One consideration more is important: In no book is there so good English, so pure and so elegant – and by teaching all the same book they will speak alike, and the Bible will justly remain the standard of language as well as of faith.”

D. James Kennedy summarized Fisher Ames words in “The Great Deception” (Fort Lauderdale, FL: Coral Ridge Ministries, 1989; 1993, p. 3; The Great Deception-a speech delivered December 1, 1992, Ottawa, IL):

“We have a dangerous trend beginning to take place in our education. We’re starting to put more and more textbooks into our schools. We’ve become accustomed of late of putting little books into the hands of children, containing fables and moral lessons.

We’re spending less time in the classroom on the Bible, which should be the principal text in our schools. The Bible states these great moral lessons better than any other man-made book.”

At age 46, Fisher Ames was elected Harvard’s president, but he declined due to an illness which eventually led to his death.

On July 4, 1808, exactly 32 years to the day after America declared its Independence, Fisher Ames died at the age of 50.

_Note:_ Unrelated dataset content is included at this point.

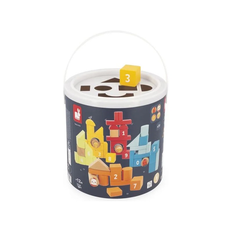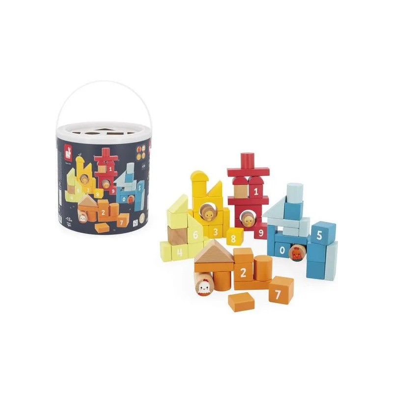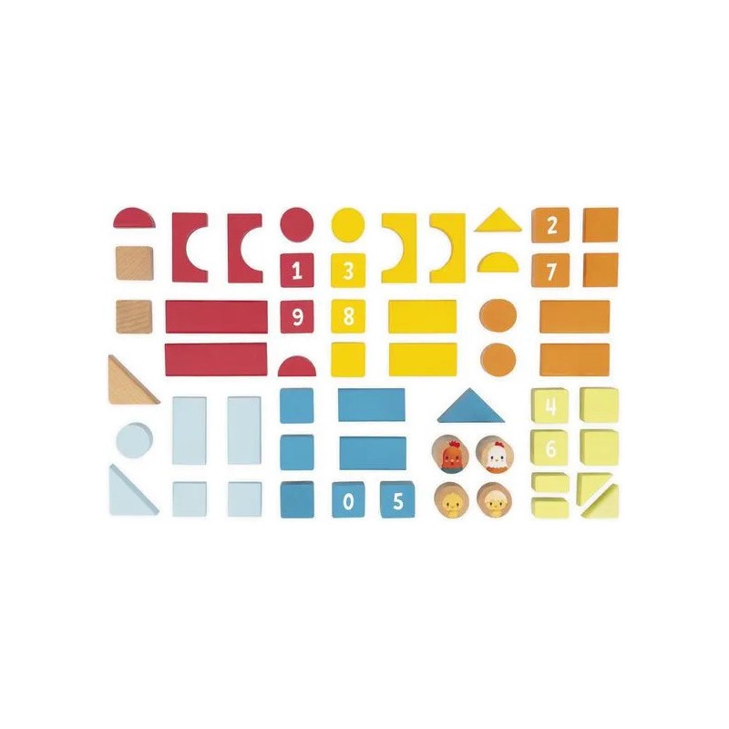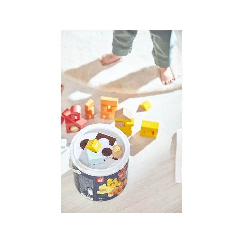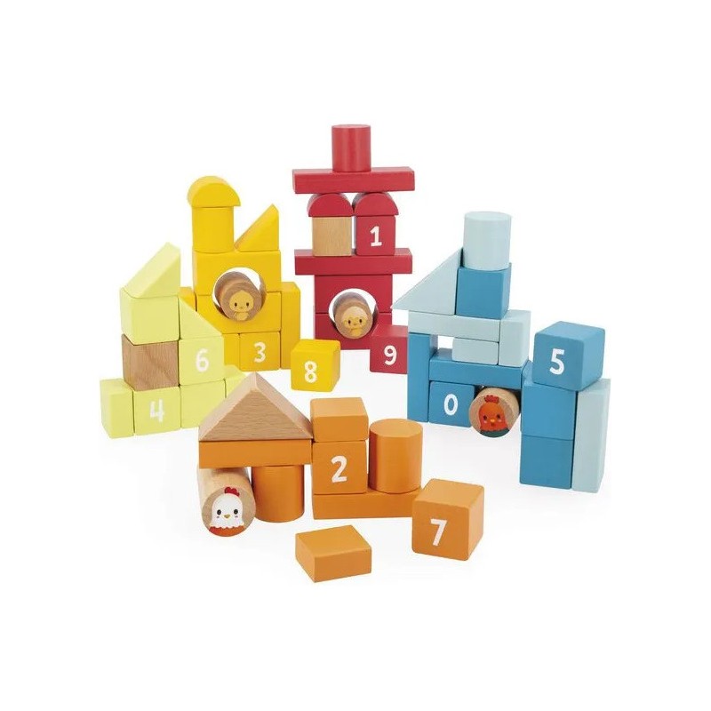 Bienvenue à la ferme des petits constructeurs ! Ce baril de 56 pièces sur le thème de la ferme permet aux enfants de créer leur propre univers fermier ! Ce jouet d'éveil stimule la motricité et l'imagination des tout-petits dès 12 mois. Ronds, carrés, triangles, ponts... les possibilités de constructions sont multiples... et parfois instables ! L’enfant empile les pièces et s'amuse à construire les éléments de sa ferme : granges, enclos ou poulaillers. Et parfois, tout tombe ! Mais que c'est rigolo ! Et puis c'est reparti pour un tour ! Ce jeu promet des heures d'amusement au autonomie ou avec des amis. Mais ce n’est pas tout : le baril cache aussi de jolies surprises ! Parmi les pièces se trouvent des illustrations d’animaux de la ferme: une poule, un coq et deux adorables poussins. C'est parfait pour inventer des histoires ! Ce jeu est également évolutif : il accompagne l’enfant dans ses apprentissages grâce à des cubes numérotés de 0 à 9 qui permettent de se familiariser avec les chiffres et d’apprendre à compter tout en s’amusant. Encore plus ludique, le baril fait aussi office de boîte à formes grâce à son couvercle découpé selon les formes des pièces. Les enfants apprennent à reconnaître les formes, à les manipuler et à les insérer au bon endroit. Livré avec un sac en coton, les pièces se rangent et se transportent facilement. Les pièces de construction sont fabriquées en bois Fsc™.

One of the most famous orators in Congress, Fisher Ames was quoted in the Encyclopedia of Religious Knowledge (Bela Bates Edward, editor of Quarterly Observer, Brattleboro, VT: Joseph Steen & Co.; Philadelphia: Lippincott, Grambo & Co.; New York: Lewis Colby, 1851, p. 78):

“No man ever did or ever will become truly eloquent without being a constant reader of the Bible, and an admirer of the purity and sublimity of its language.”

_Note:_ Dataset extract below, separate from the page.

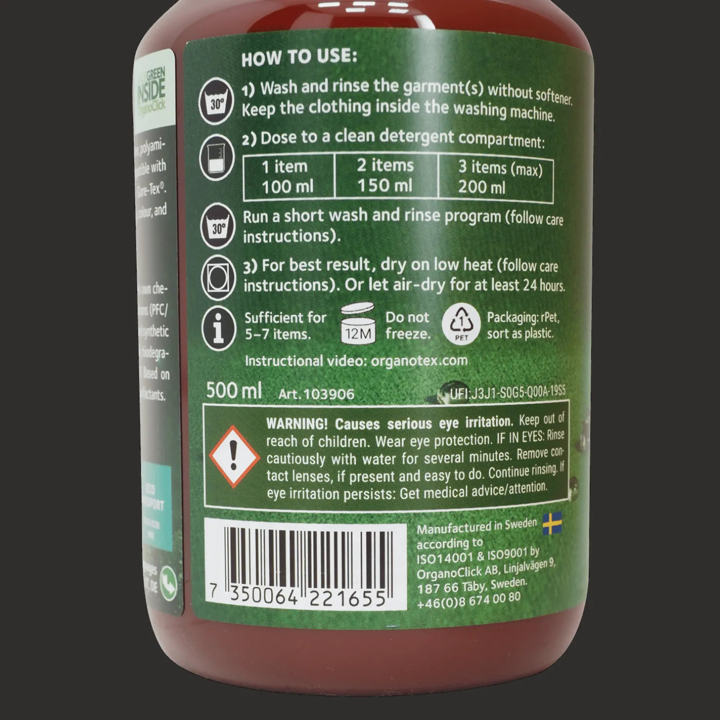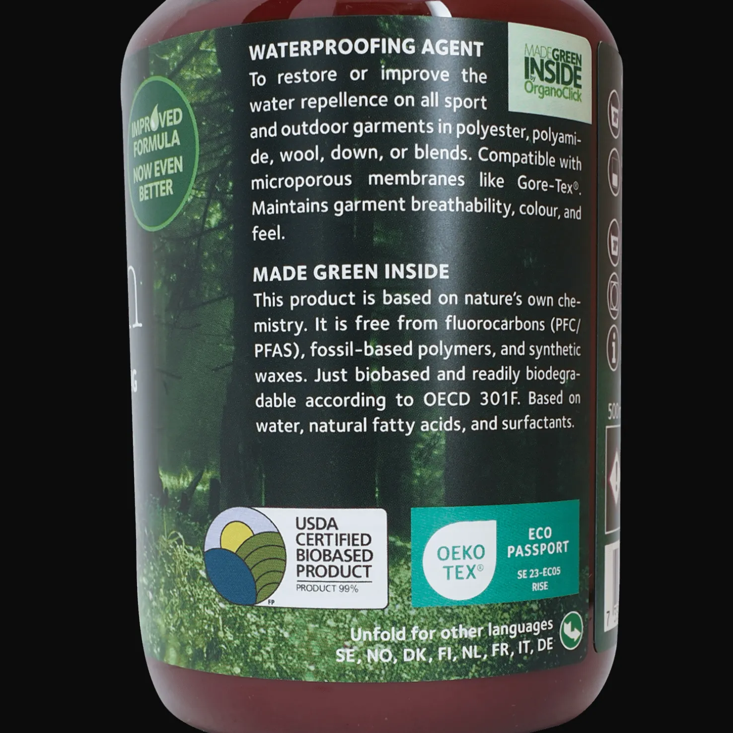 Pesuaine teknisille vaatteille, joissa on tex-kalvo. Helposti biohajoava, kehitetty ja valmistettu Ruotsissa.

Bill FedererThe Moral Liberal contributing editor, William J. Federer, is the bestselling author of “Backfired: A Nation Born for Religious Tolerance no Longer Tolerates Religion,” and numerous other books. A frequent radio and television guest, his daily American Minute is broadcast nationally via radio, television, and Internet. Check out all of Bill’s books here.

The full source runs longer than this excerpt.